The dialog, too, is both comical and absurd. One woman strokes her beautiful brown legs with a brush while another says, “don’t pass the line” which, of course, is meant to be, “don’t cross the line.” Another dancer, who wants to saw off the leg of a table, utters: “I wanted to go crazy but that’s not possible.”
The themes of nature and water are highlighted throughout the piece. In the show’s final vignette, the dancers’ bodies are superimposed on swirling projections of the Amazon rainforest inhabited by leopards, orangutans (which do not actually live in Brazil, but hey, this is a fantasy) and monkeys swinging from tree to tree. Ultimately, we come to the breathtaking Iguazu Falls, the largest waterfall system in the world — taller than Niagara Falls and twice as wide.
The natural beauty of the rainforest and the monumental force of the cascading waterfall enhance the dancers’ expression of ecstasy.
The water, confined to video screens throughout the show, becomes three-dimensional at the end, actually drenching the bodies of the dancers. Soon they are sipping water from plastic bottles and childishly spurting water on one another, soaking their clothes like children splashing in the ocean.
Though “Água” is three hours long (perhaps too long for some), it is such a delightful pastiche of travelog, humorous vignettes, romantic encounters, cocktail parties, tropical beaches, and foolish dialogue that the time whizzes by.
A long collaboration with BAM
Pina Bausch made her New York debut with Tanztheater Wuppertal at BAM in 1984, on the heels of her American debut at the Los Angeles Olympic Arts Festival.
Strongly influenced by German Expressionism, the New York program included Bausch’s interpretation of Igor Stravinsky’s “Rite of Spring,” choreographed in 1975, in which the stage floor was covered in dirt, and “Café Müller,” choreographed in 1978. (“Café Müller” appears in the opening of Pedro Almodóvar’s 2002 film “Talk to Her.”)
“To say that it was a New York sensation is an understatement,” says Sharon Lehner, director of the BAM Hamm Archives. “People lost it. It was an unbelievable hit. Virtually every performance sold out.” Or, as the New York Times put it: “the place was mobbed.”

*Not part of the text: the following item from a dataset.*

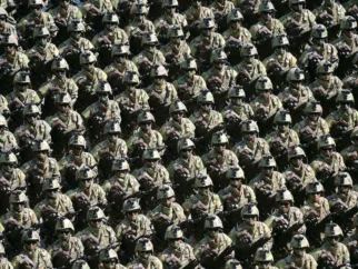 Северокорейские солдаты во время парада в Пхеньяне. Фотограф: Kyodo/AP Photo Первая группа солдат уже проходит…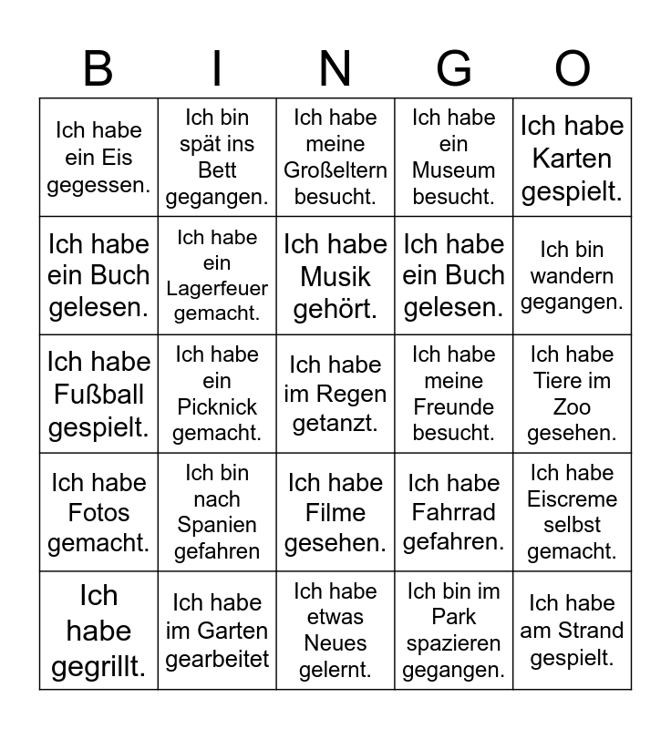This bingo card has a free space and 24 words: Ich bin nach Spanien gefahren, Ich habe im Garten gearbeitet, Ich habe Musik gehört., Ich habe gegrillt., Ich habe Karten gespielt., Ich habe ein Eis gegessen., Ich habe ein Buch gelesen., Ich bin spät ins Bett gegangen., Ich habe meine Freunde besucht., Ich habe Filme gesehen., Ich habe ein Buch gelesen., Ich habe Fußball gespielt., Ich habe Fahrrad gefahren., Ich habe Eiscreme selbst gemacht., Ich habe ein Lagerfeuer gemacht., Ich bin im Park spazieren gegangen., Ich habe Tiere im Zoo gesehen., Ich habe meine Großeltern besucht., Ich bin wandern gegangen., Ich habe ein Picknick gemacht., Ich habe am Strand gespielt., Ich habe Fotos gemacht., Ich habe ein Museum besucht. and Ich habe etwas Neues gelernt..

And thus was born Bausch’s long-lasting relationship with BAM: Following that 1984 debut, Bausch and her company continued to captivate New York audiences for years to come. “That is now almost 40 years,” says Lehner. Their 15 successive performances have been some of the most popular and highly anticipated events at BAM, the company’s sole New York home and the country’s oldest performing arts institution.
Bausch first gained international recognition in the 1970s for her innovative blend of dance and theater. But it took a long time for her to get to America.
“People were very much against her here at first,” says performance artist Marina Abramović, who has recently become the first holder of the new Pina Bausch Professorship at the Folkwang University of Art in Germany.
“Americans always claim that only they can claim modern dance,” continues Abramović. “In their eyes there was only Isadora Duncan, Martha Graham, and later Trisha Brown: that was the holy grail. But when people saw her Tanztheater Wuppertal’s performances in New York, they had the feeling of a great discovery. Their repertoire of movement and their new understanding of dance. It was all highly emotional and absolutely groundbreaking.”
“Água” marks the first time in six years that the company, which is based in Germany, has returned to BAM, largely due to the pandemic.
“Hard-core Pina fans wait eagerly for the company to return while new devotees are initiated into the fold,” says Lehner.
Unlike most of Bausch’s pieces, which are typically laden with existential meaning, “Água” is at some level just plain silly. It is also glorious, unashamed escapism that submerges you in a sensual, kaleidoscopic dream of such mesmerizing beauty, happiness and drunkenness that its spell lingers long after the performance is over.
“Água,” presented by the Pina Bausch Wuppertaler Tanztheater, runs through March 19 at BAM.